__EXERCISE OBJECTIVE__: The lines from the beginning of the records below through the one holding "FIGURE 1 ONLY" are to be copied exactly; leave the pictures out.

__Data extracted from a collection__:
==*==

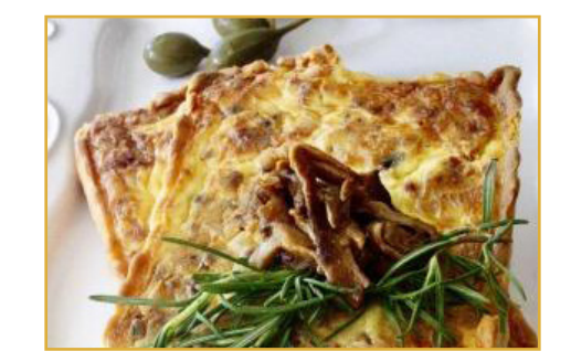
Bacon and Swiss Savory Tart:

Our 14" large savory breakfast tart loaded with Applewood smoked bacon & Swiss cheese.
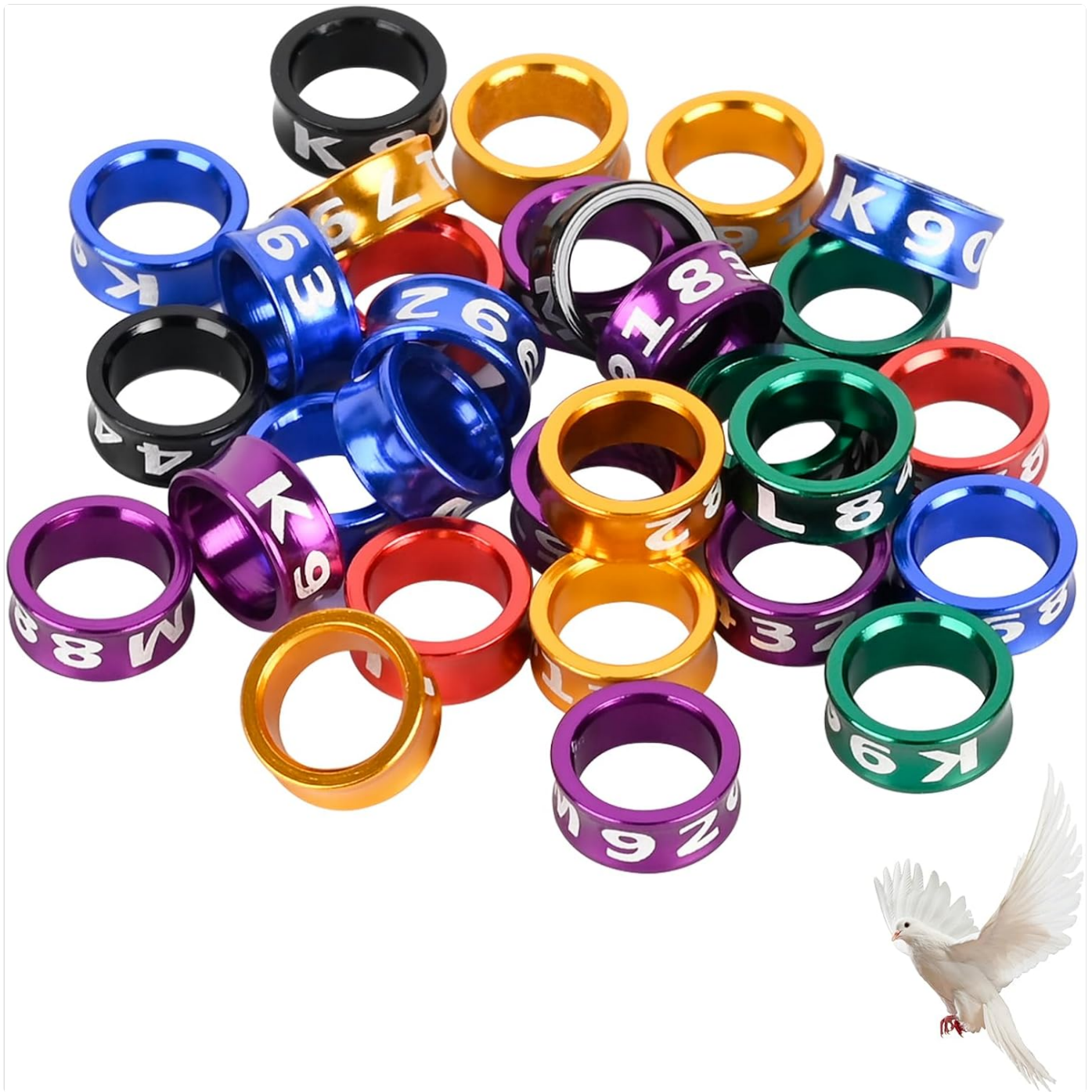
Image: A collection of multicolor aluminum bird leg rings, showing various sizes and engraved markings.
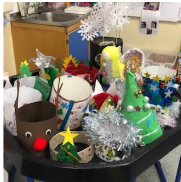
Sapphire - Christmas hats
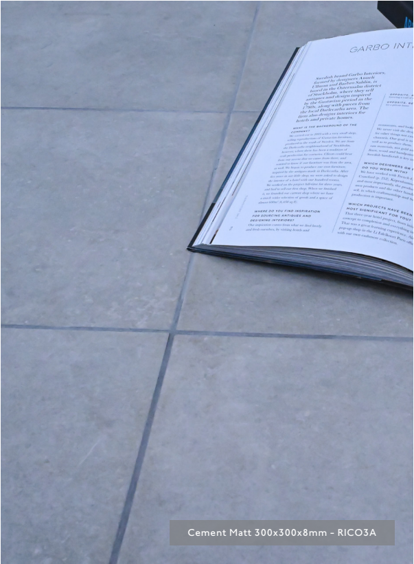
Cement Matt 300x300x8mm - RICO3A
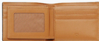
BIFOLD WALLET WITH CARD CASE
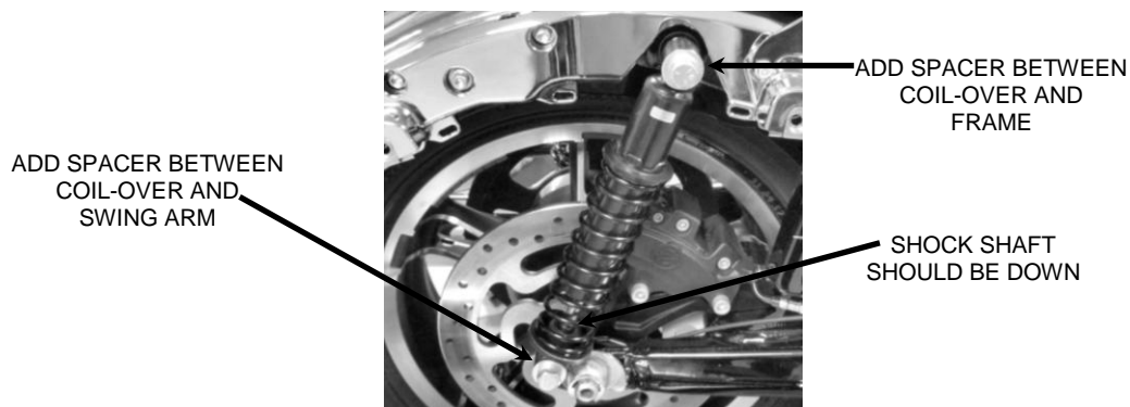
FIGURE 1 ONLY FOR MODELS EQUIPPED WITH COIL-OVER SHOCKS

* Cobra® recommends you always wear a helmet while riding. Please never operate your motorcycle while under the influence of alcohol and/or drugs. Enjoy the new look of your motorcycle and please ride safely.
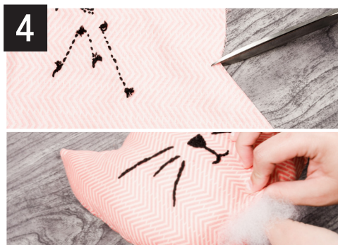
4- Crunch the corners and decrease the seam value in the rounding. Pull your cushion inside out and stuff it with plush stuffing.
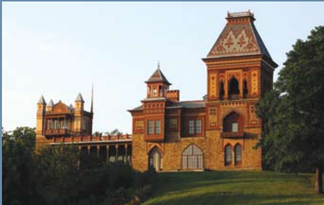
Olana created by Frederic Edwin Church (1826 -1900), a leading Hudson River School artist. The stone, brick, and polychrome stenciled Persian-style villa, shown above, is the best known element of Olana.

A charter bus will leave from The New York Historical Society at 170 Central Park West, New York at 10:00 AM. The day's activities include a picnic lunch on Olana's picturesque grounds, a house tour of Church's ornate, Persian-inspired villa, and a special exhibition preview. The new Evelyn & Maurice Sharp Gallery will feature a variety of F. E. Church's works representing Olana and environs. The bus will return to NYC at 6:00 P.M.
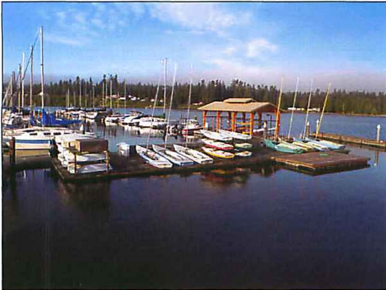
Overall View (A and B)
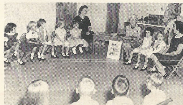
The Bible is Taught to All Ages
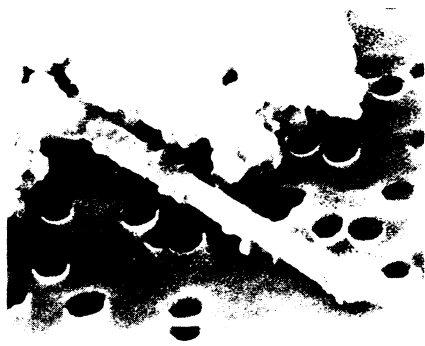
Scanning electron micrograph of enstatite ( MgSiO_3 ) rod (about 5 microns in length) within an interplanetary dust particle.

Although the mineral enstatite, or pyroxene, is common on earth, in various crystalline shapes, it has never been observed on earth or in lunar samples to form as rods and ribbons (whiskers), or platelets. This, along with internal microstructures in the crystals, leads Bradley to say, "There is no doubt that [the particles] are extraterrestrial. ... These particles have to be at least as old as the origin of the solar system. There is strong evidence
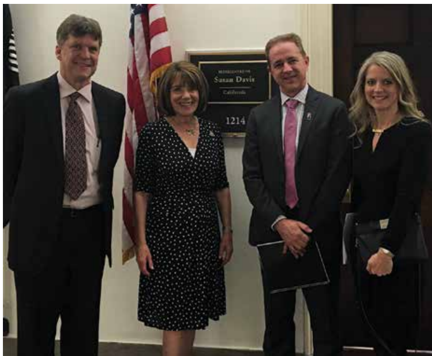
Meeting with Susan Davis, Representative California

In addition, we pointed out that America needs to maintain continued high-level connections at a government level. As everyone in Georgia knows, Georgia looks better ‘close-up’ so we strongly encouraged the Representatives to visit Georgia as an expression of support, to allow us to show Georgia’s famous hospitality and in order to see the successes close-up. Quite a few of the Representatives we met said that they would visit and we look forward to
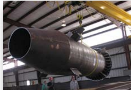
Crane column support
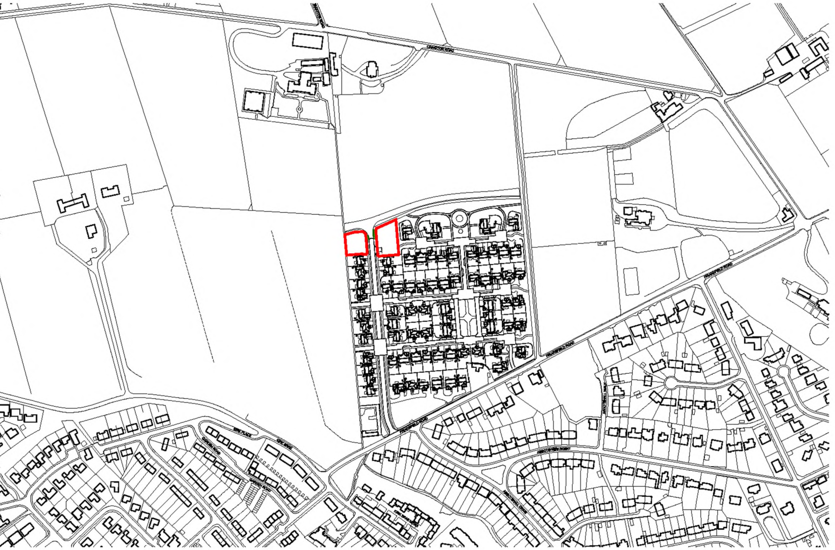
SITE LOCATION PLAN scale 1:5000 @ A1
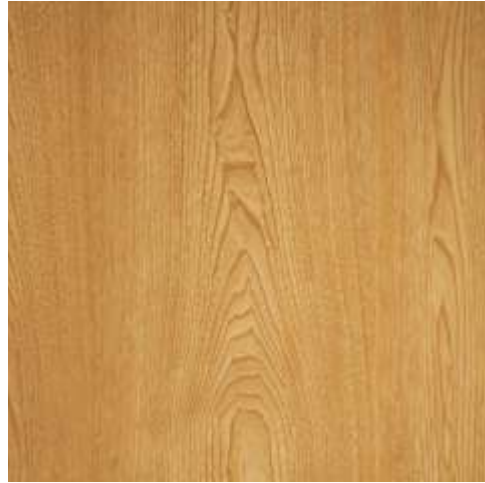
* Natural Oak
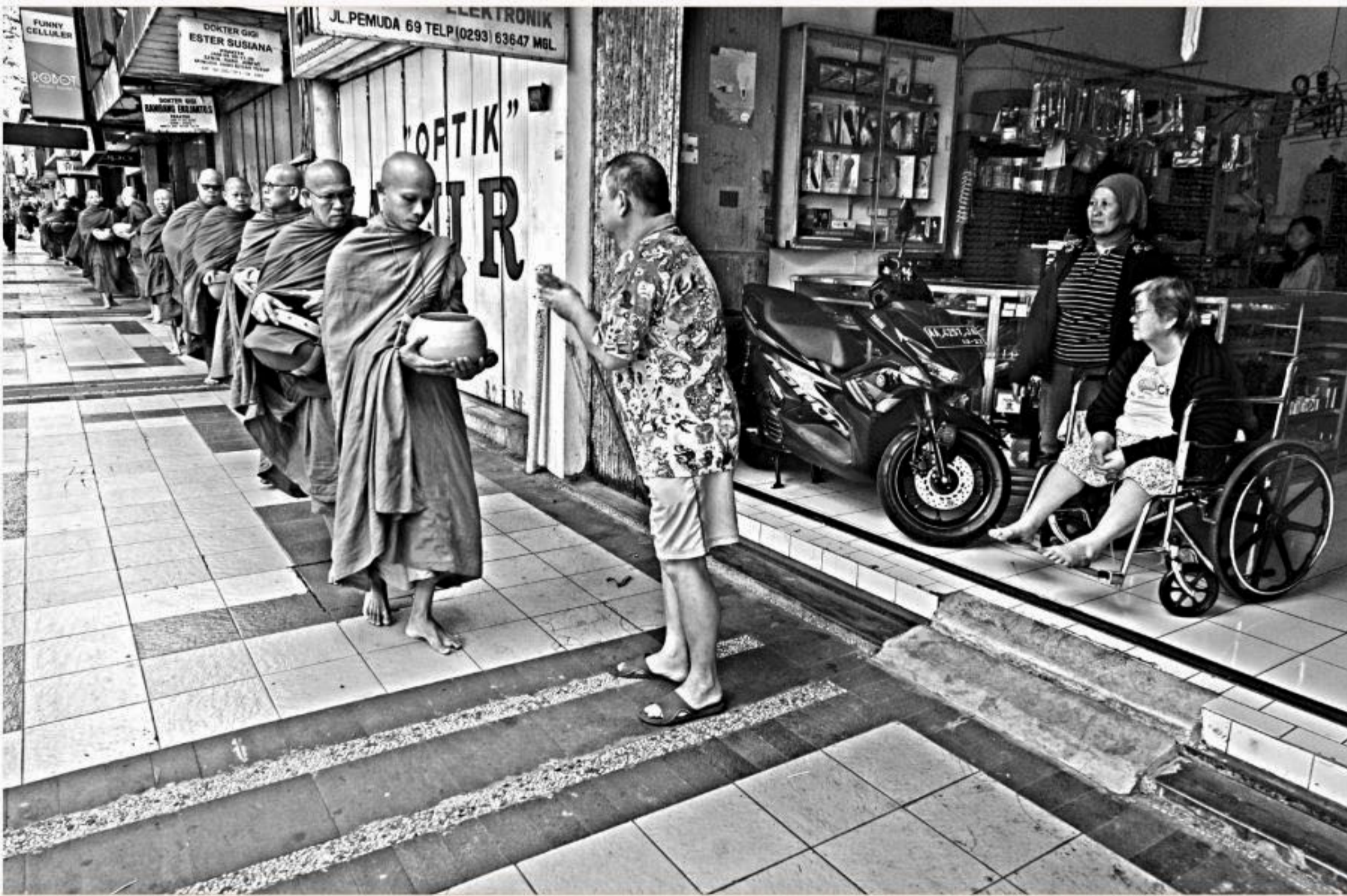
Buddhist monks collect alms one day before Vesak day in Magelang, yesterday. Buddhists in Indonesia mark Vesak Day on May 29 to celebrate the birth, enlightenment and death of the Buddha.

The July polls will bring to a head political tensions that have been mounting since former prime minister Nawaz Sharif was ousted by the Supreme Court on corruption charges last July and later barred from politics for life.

==*==

__RESULT OF THE EXERCISE__:
Bacon and Swiss Savory Tart:

Our 14" large savory breakfast tart loaded with Applewood smoked bacon & Swiss cheese.
Image: A collection of multicolor aluminum bird leg rings, showing various sizes and engraved markings.
Sapphire - Christmas hats
Cement Matt 300x300x8mm - RICO3A
BIFOLD WALLET WITH CARD CASE
FIGURE 1 ONLY FOR MODELS EQUIPPED WITH COIL-OVER SHOCKS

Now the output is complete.